Interview: Dr Anders Drachen, Professor At The University Of York.

'No single innovation has an impact on its own, rather it is the emergence of an ecosystem of technological breakthroughs combined with business models'


Ahead of the Big Data Innovation Summit in London this March, we had a quick chat with Dr Anders Drachen from the University of York.

Dr Drachen is a Professor at the Digital Creativity Labs with the university and a veteran of behavioral analytics and business intelligence in the Games Industry. With a background in industry and academia, he is the most published data scientist worldwide on game analytics and an editor of ground-breaking books that have become standard references. His research has won multiple awards and is covered by international media.

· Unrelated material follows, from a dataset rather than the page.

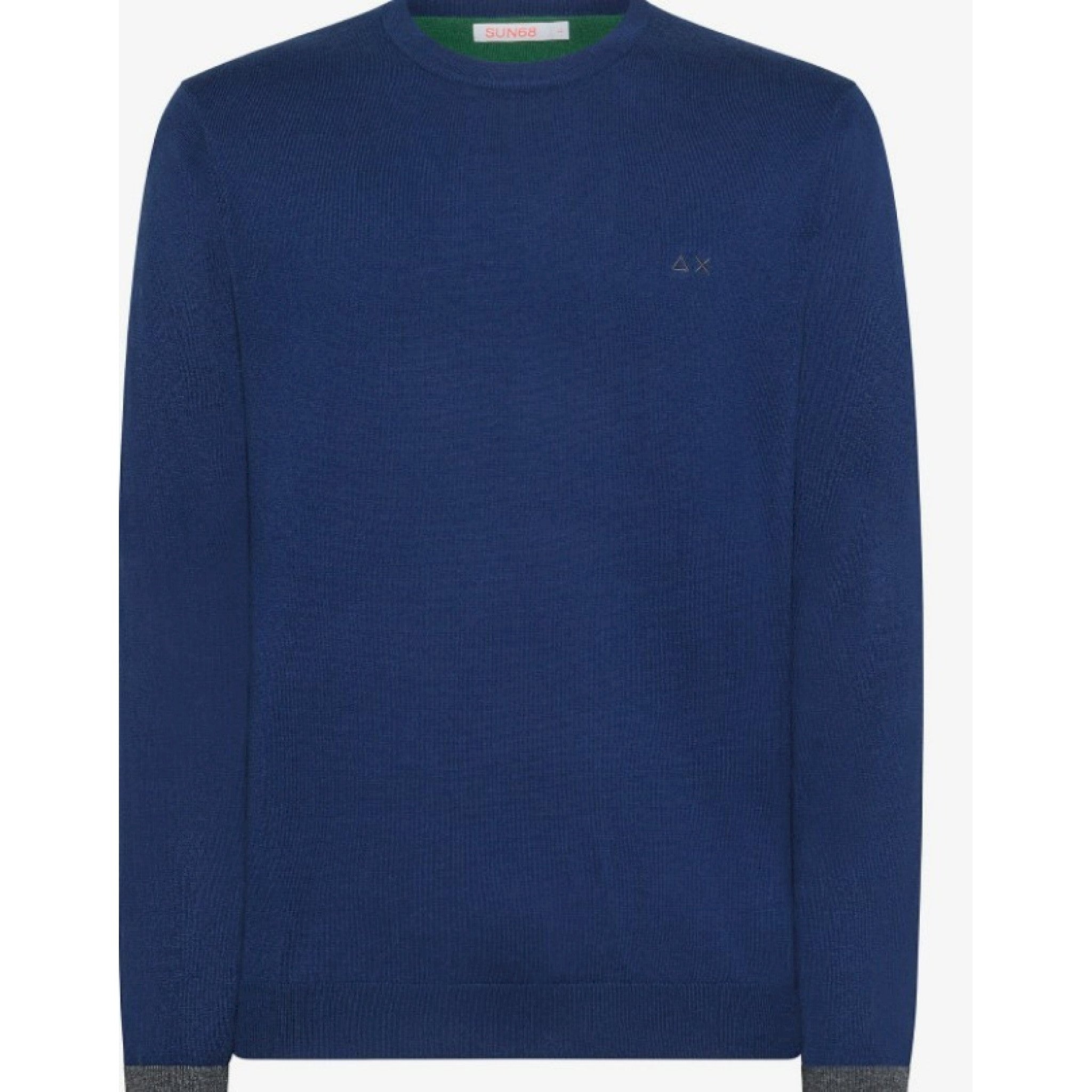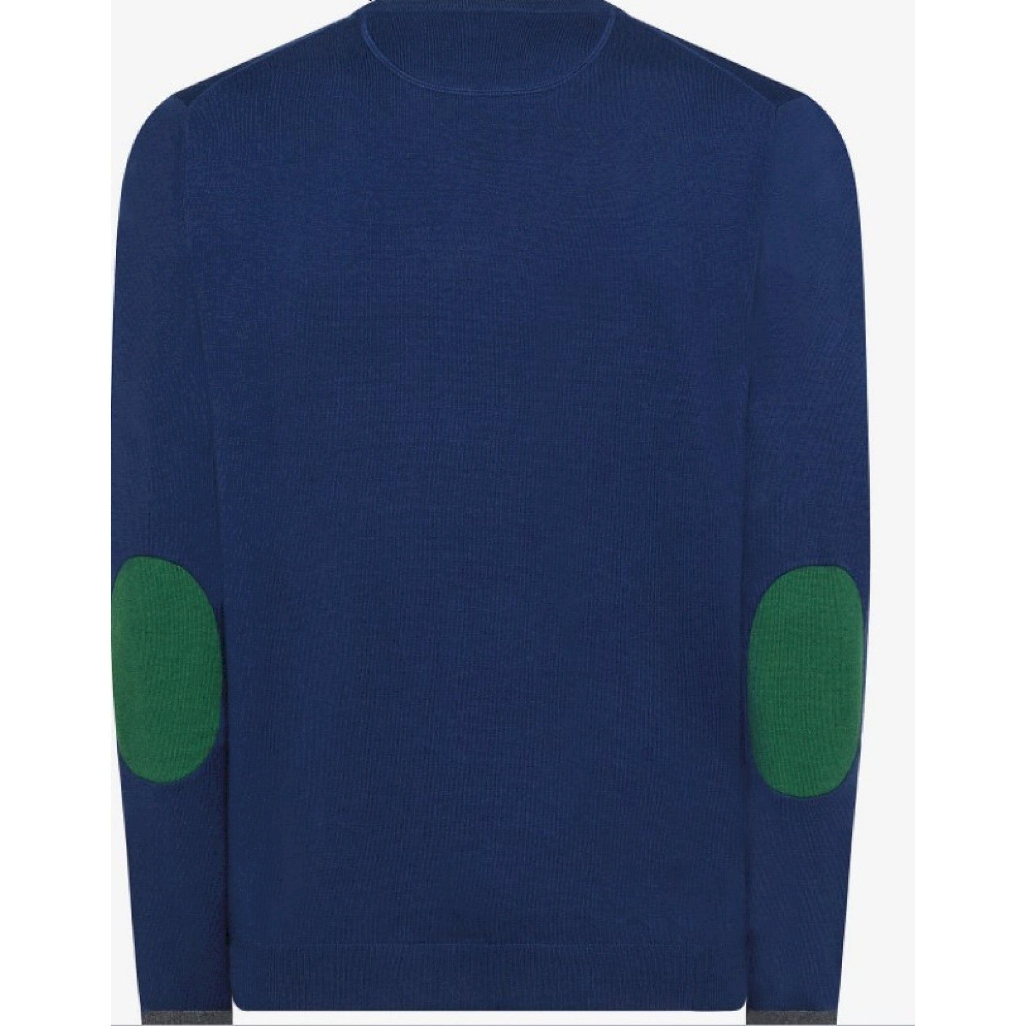 Girocollo maglia pettinata in lana merinos e cotone con toppe e bordi maniche in contrasto

Fun fact: For reasons known only to them, sharks have tried eating him thrice.

What changes have you seen in how big data is viewed in society?

From the perspective of the interactive entertainment industry that I work in, the past decade has seen incredible innovations and the introduction of new technologies and business models at a rapid pace. For the whole creative industries ecosystem, big data has seen widespread adoption from customers to companies. Games are interesting in that we often have a high degree of interest in data from the end users. For example, in esports, performance data of professional teams, leagues and the individual player have a strong interest. I see this interest in engaging with big data becoming more mainstream and widespread through society.

Which emerging technology has the potential to change big data the most?

It is hard to pin down a specific technology as having the largest potential to impact big data as most technologies are heavily interwoven with others. For example, pointing to new distributed sensor systems comes interlaced with the technology to process the data from them. No single innovation has an impact on its own, rather it is the emergence of an ecosystem of technological breakthroughs combined with business models that permit us to take advantage of them, which has had and continues to have the potential to impact big data the most.

What are the main challenges that we currently face within data?

There are many challenges being faced across academia and industry in terms of taking advantage of the data flood-stream we are experiencing. If I should single out one corner of the data ecosystem, a central challenge we have is deepening business intelligence maturity across companies and organizations, enabling everyone to take advantage of data. This challenge is not only technological in nature but very much requires us to consider the human side of the equation. It remains one of the hardest problems to solve at scale towards building deep maturity across any data-informed sector.

And what can the audience expect to take away from your presentation in London?

The central point of my talk will be that when faced with overwhelming data about users, adopt the standpoint of condensing the data into a format where they are useful to you. Profiles is one such tool. This requires identifying the right data to work with and sacrificing detail, but can be a great way to enable taking action on user behavior. I will be presenting a number of small examples from digital games about how behavioral profiling is used and attempt to put different approaches into a coherent framework.